Please repeat exactly the lines from the one containing "Combo 2 Khăn" to the end of the entries below, both included, and omit all pictures.

#### Data to process ####

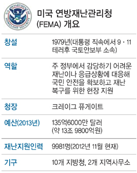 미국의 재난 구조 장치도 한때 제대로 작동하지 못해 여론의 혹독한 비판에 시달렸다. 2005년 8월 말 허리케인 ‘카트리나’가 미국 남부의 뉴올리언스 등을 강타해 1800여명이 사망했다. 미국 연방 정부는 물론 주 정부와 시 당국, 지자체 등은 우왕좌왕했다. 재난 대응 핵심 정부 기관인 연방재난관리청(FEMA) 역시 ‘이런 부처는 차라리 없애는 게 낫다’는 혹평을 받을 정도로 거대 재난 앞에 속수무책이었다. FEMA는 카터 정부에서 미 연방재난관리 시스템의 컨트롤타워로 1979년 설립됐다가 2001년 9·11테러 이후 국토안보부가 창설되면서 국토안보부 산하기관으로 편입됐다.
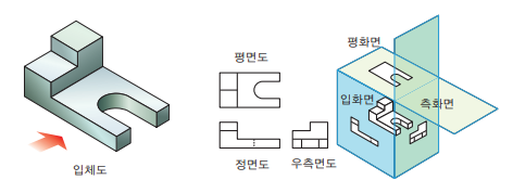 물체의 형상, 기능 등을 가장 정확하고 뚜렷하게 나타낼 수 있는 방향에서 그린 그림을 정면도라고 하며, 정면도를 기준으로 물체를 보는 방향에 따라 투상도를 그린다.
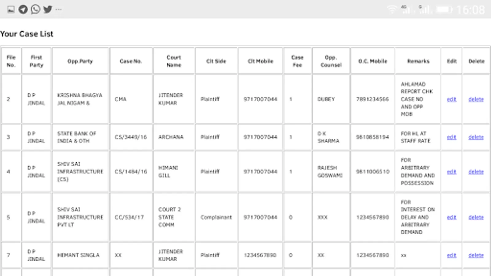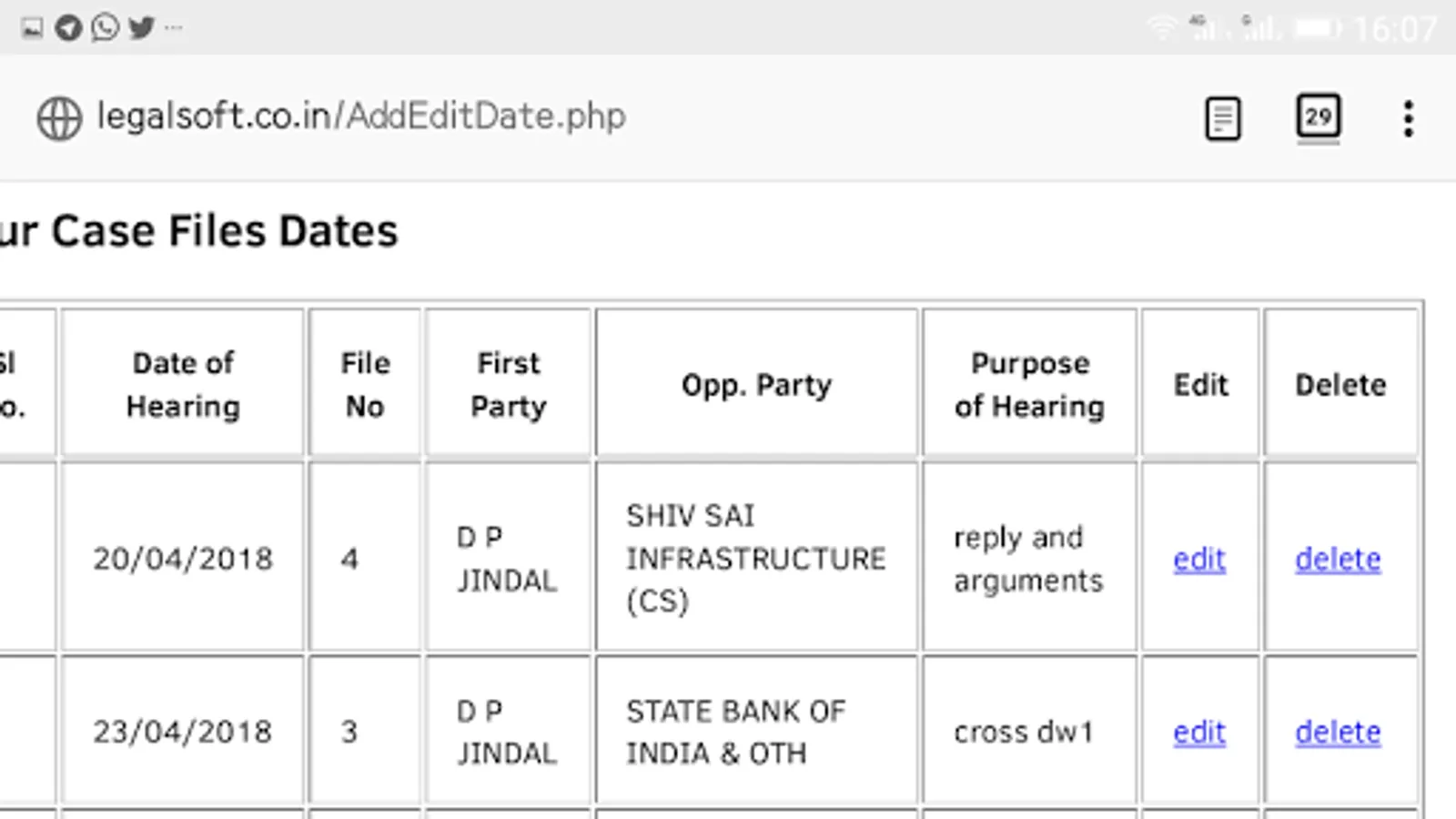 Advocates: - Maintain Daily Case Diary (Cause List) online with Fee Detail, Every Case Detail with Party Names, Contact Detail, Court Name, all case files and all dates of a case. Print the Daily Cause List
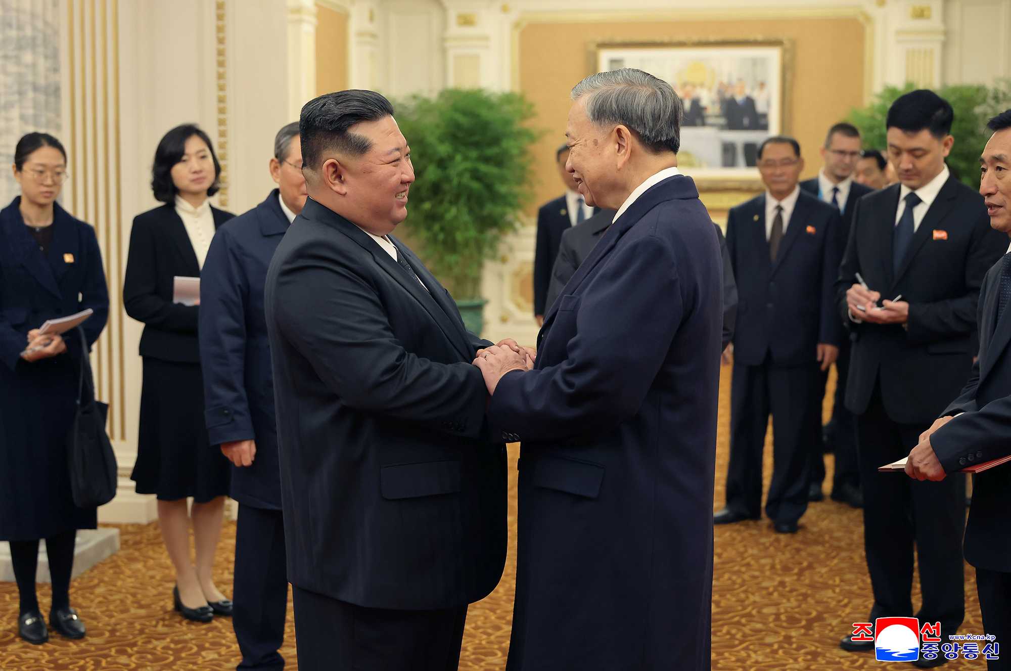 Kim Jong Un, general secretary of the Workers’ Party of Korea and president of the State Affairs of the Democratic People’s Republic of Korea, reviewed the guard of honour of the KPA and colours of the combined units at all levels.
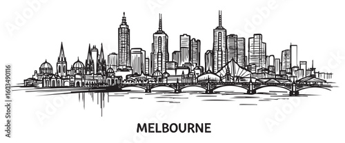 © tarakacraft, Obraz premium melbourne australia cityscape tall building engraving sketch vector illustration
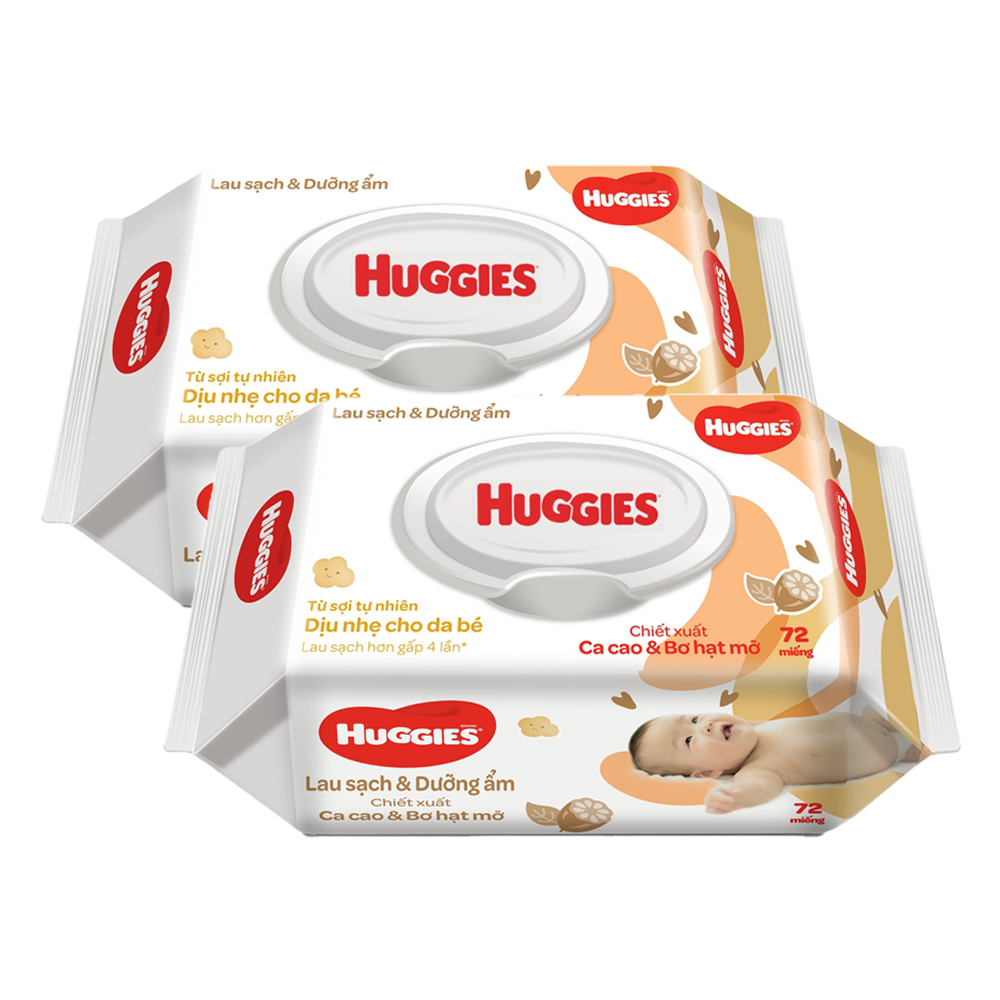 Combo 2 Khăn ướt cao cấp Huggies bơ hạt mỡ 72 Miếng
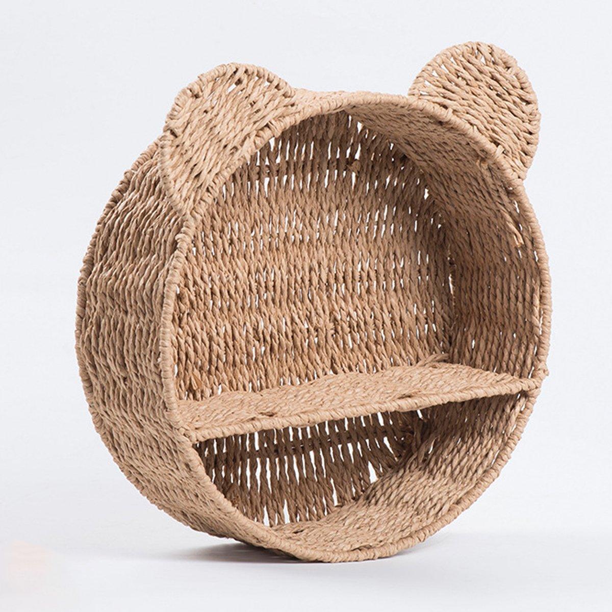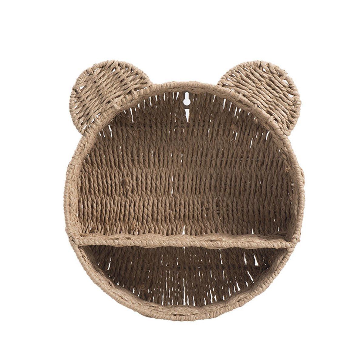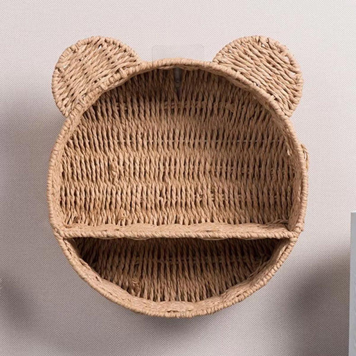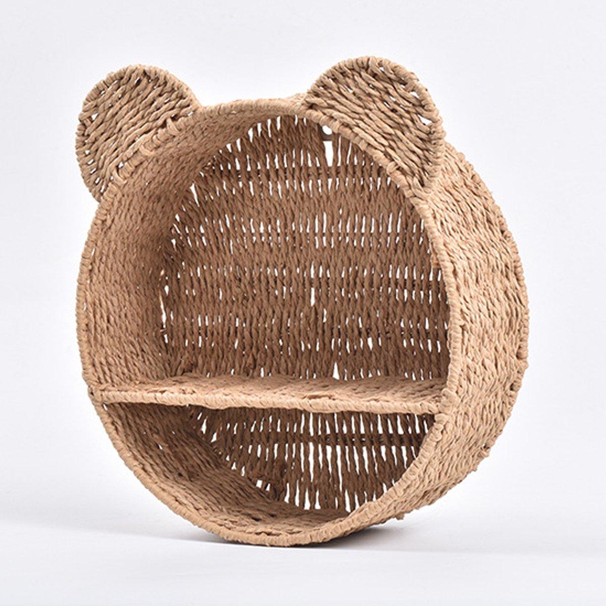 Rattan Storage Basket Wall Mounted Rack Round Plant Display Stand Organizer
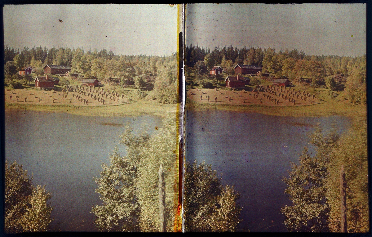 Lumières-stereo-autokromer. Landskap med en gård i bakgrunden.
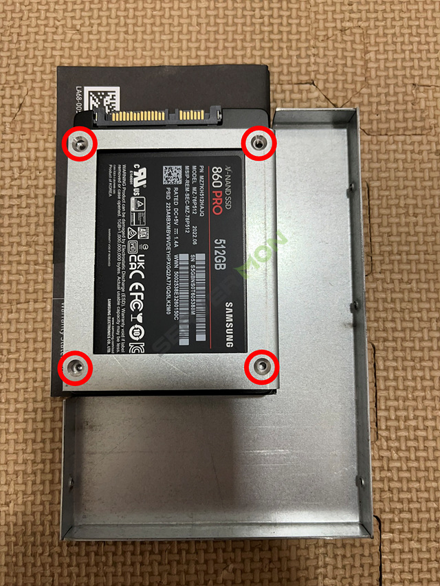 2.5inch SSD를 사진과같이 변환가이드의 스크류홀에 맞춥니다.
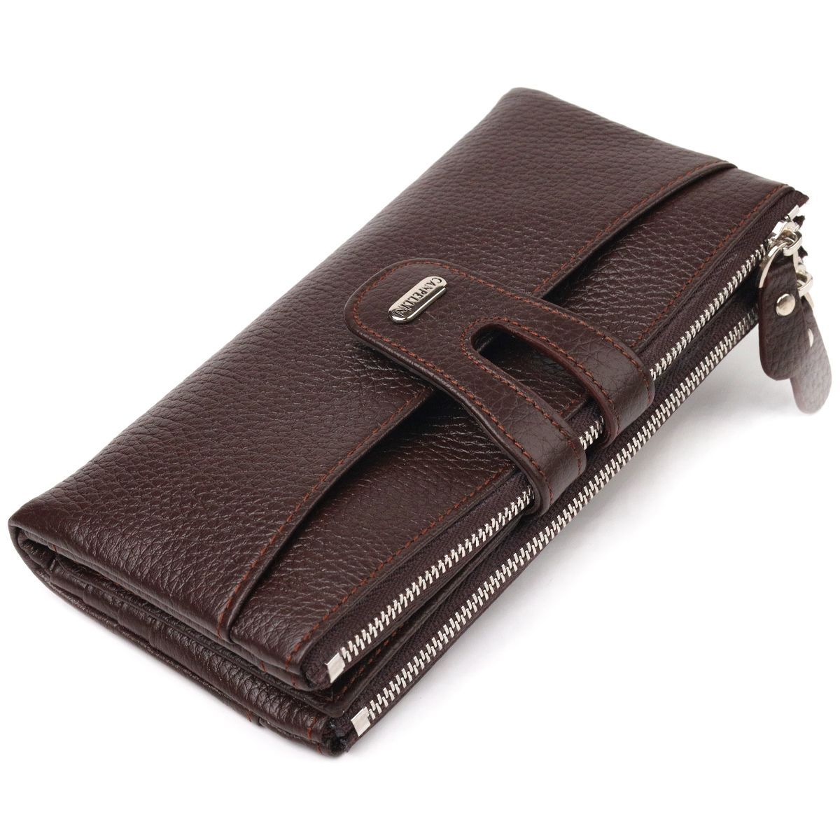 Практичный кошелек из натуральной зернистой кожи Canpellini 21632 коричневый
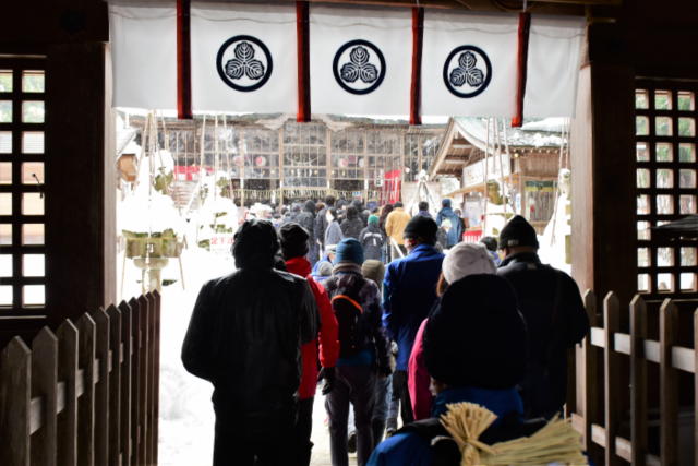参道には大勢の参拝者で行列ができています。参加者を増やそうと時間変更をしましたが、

####

**Solution:**
 Combo 2 Khăn ướt cao cấp Huggies bơ hạt mỡ 72 Miếng
 Rattan Storage Basket Wall Mounted Rack Round Plant Display Stand Organizer
 Lumières-stereo-autokromer. Landskap med en gård i bakgrunden.
 2.5inch SSD를 사진과같이 변환가이드의 스크류홀에 맞춥니다.
 Практичный кошелек из натуральной зернистой кожи Canpellini 21632 коричневый
参道には大勢の参拝者で行列ができています。参加者を増やそうと時間変更をしましたが、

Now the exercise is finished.